_Materials provided_
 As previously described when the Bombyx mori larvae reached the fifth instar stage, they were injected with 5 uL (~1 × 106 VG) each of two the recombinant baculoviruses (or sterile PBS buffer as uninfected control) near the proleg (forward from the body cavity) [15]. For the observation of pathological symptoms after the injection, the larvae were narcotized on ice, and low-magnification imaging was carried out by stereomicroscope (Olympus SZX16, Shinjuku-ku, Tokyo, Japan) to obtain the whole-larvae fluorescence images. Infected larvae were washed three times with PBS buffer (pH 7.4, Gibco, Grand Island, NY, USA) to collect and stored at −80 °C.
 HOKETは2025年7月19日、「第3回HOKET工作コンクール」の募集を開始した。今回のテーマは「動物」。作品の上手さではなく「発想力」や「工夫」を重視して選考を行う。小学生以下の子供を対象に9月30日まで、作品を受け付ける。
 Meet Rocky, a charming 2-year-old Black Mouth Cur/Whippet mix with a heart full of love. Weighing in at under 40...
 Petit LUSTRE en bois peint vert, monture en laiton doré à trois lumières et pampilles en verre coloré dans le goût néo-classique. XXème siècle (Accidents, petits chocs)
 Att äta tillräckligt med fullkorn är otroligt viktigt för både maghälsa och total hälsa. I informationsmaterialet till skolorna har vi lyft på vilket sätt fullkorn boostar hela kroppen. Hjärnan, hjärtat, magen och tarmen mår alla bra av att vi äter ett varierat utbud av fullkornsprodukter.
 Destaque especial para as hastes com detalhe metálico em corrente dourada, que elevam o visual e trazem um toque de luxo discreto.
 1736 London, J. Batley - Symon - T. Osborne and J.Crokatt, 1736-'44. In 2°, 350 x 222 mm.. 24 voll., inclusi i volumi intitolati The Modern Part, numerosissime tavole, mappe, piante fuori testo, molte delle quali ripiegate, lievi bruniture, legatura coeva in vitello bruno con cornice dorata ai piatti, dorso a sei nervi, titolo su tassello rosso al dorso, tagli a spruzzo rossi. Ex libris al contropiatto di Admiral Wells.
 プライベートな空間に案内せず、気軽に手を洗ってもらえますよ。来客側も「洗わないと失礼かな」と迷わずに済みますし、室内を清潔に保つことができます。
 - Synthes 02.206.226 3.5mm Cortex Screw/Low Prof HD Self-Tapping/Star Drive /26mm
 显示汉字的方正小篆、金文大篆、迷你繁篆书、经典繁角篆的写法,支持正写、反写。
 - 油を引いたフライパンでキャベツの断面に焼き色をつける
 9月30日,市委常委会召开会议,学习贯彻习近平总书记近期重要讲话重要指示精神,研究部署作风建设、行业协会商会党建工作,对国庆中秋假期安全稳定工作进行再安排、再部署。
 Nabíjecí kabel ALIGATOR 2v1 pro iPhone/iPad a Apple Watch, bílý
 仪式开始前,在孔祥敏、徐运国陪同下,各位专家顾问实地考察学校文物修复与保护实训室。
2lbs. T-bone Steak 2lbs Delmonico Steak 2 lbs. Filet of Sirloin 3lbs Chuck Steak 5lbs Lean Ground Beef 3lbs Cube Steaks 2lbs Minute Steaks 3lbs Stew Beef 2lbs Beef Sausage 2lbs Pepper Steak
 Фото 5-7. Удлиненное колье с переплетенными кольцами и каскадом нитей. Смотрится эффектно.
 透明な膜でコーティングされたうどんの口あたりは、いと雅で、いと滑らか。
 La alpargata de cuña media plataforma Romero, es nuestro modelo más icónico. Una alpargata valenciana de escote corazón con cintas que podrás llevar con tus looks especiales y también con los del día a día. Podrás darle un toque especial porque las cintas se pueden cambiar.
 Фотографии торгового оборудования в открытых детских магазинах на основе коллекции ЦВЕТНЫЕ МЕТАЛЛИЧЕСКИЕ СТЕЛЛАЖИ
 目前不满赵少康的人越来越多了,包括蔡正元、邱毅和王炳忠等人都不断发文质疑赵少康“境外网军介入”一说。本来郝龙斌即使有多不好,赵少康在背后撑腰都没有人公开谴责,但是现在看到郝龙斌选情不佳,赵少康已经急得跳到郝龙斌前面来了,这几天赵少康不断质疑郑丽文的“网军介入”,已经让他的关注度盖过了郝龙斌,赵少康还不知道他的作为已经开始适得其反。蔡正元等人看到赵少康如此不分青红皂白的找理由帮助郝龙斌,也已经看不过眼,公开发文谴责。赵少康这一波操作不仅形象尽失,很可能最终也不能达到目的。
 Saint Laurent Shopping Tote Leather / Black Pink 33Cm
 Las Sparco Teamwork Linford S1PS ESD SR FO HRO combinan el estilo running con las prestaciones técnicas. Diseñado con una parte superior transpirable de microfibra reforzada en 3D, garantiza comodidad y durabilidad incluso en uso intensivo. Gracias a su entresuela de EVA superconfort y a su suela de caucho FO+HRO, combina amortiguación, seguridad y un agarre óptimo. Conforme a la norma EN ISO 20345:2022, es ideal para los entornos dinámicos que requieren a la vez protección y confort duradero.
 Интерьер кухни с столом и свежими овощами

_What is required_
Each entry must be output exactly as it was written.

_Response to the exercise_
 As previously described when the Bombyx mori larvae reached the fifth instar stage, they were injected with 5 uL (~1 × 106 VG) each of two the recombinant baculoviruses (or sterile PBS buffer as uninfected control) near the proleg (forward from the body cavity) [15]. For the observation of pathological symptoms after the injection, the larvae were narcotized on ice, and low-magnification imaging was carried out by stereomicroscope (Olympus SZX16, Shinjuku-ku, Tokyo, Japan) to obtain the whole-larvae fluorescence images. Infected larvae were washed three times with PBS buffer (pH 7.4, Gibco, Grand Island, NY, USA) to collect and stored at −80 °C.
 HOKETは2025年7月19日、「第3回HOKET工作コンクール」の募集を開始した。今回のテーマは「動物」。作品の上手さではなく「発想力」や「工夫」を重視して選考を行う。小学生以下の子供を対象に9月30日まで、作品を受け付ける。
 Meet Rocky, a charming 2-year-old Black Mouth Cur/Whippet mix with a heart full of love. Weighing in at under 40...
 Petit LUSTRE en bois peint vert, monture en laiton doré à trois lumières et pampilles en verre coloré dans le goût néo-classique. XXème siècle (Accidents, petits chocs)
 Att äta tillräckligt med fullkorn är otroligt viktigt för både maghälsa och total hälsa. I informationsmaterialet till skolorna har vi lyft på vilket sätt fullkorn boostar hela kroppen. Hjärnan, hjärtat, magen och tarmen mår alla bra av att vi äter ett varierat utbud av fullkornsprodukter.
 Destaque especial para as hastes com detalhe metálico em corrente dourada, que elevam o visual e trazem um toque de luxo discreto.
 1736 London, J. Batley - Symon - T. Osborne and J.Crokatt, 1736-'44. In 2°, 350 x 222 mm.. 24 voll., inclusi i volumi intitolati The Modern Part, numerosissime tavole, mappe, piante fuori testo, molte delle quali ripiegate, lievi bruniture, legatura coeva in vitello bruno con cornice dorata ai piatti, dorso a sei nervi, titolo su tassello rosso al dorso, tagli a spruzzo rossi. Ex libris al contropiatto di Admiral Wells.
 プライベートな空間に案内せず、気軽に手を洗ってもらえますよ。来客側も「洗わないと失礼かな」と迷わずに済みますし、室内を清潔に保つことができます。
 - Synthes 02.206.226 3.5mm Cortex Screw/Low Prof HD Self-Tapping/Star Drive /26mm
 显示汉字的方正小篆、金文大篆、迷你繁篆书、经典繁角篆的写法,支持正写、反写。
 - 油を引いたフライパンでキャベツの断面に焼き色をつける
 9月30日,市委常委会召开会议,学习贯彻习近平总书记近期重要讲话重要指示精神,研究部署作风建设、行业协会商会党建工作,对国庆中秋假期安全稳定工作进行再安排、再部署。
 Nabíjecí kabel ALIGATOR 2v1 pro iPhone/iPad a Apple Watch, bílý
 仪式开始前,在孔祥敏、徐运国陪同下,各位专家顾问实地考察学校文物修复与保护实训室。
2lbs. T-bone Steak 2lbs Delmonico Steak 2 lbs. Filet of Sirloin 3lbs Chuck Steak 5lbs Lean Ground Beef 3lbs Cube Steaks 2lbs Minute Steaks 3lbs Stew Beef 2lbs Beef Sausage 2lbs Pepper Steak
 Фото 5-7. Удлиненное колье с переплетенными кольцами и каскадом нитей. Смотрится эффектно.
 透明な膜でコーティングされたうどんの口あたりは、いと雅で、いと滑らか。
 La alpargata de cuña media plataforma Romero, es nuestro modelo más icónico. Una alpargata valenciana de escote corazón con cintas que podrás llevar con tus looks especiales y también con los del día a día. Podrás darle un toque especial porque las cintas se pueden cambiar.
 Фотографии торгового оборудования в открытых детских магазинах на основе коллекции ЦВЕТНЫЕ МЕТАЛЛИЧЕСКИЕ СТЕЛЛАЖИ
 目前不满赵少康的人越来越多了,包括蔡正元、邱毅和王炳忠等人都不断发文质疑赵少康“境外网军介入”一说。本来郝龙斌即使有多不好,赵少康在背后撑腰都没有人公开谴责,但是现在看到郝龙斌选情不佳,赵少康已经急得跳到郝龙斌前面来了,这几天赵少康不断质疑郑丽文的“网军介入”,已经让他的关注度盖过了郝龙斌,赵少康还不知道他的作为已经开始适得其反。蔡正元等人看到赵少康如此不分青红皂白的找理由帮助郝龙斌,也已经看不过眼,公开发文谴责。赵少康这一波操作不仅形象尽失,很可能最终也不能达到目的。
 Saint Laurent Shopping Tote Leather / Black Pink 33Cm
 Las Sparco Teamwork Linford S1PS ESD SR FO HRO combinan el estilo running con las prestaciones técnicas. Diseñado con una parte superior transpirable de microfibra reforzada en 3D, garantiza comodidad y durabilidad incluso en uso intensivo. Gracias a su entresuela de EVA superconfort y a su suela de caucho FO+HRO, combina amortiguación, seguridad y un agarre óptimo. Conforme a la norma EN ISO 20345:2022, es ideal para los entornos dinámicos que requieren a la vez protección y confort duradero.
 Интерьер кухни с столом и свежими овощами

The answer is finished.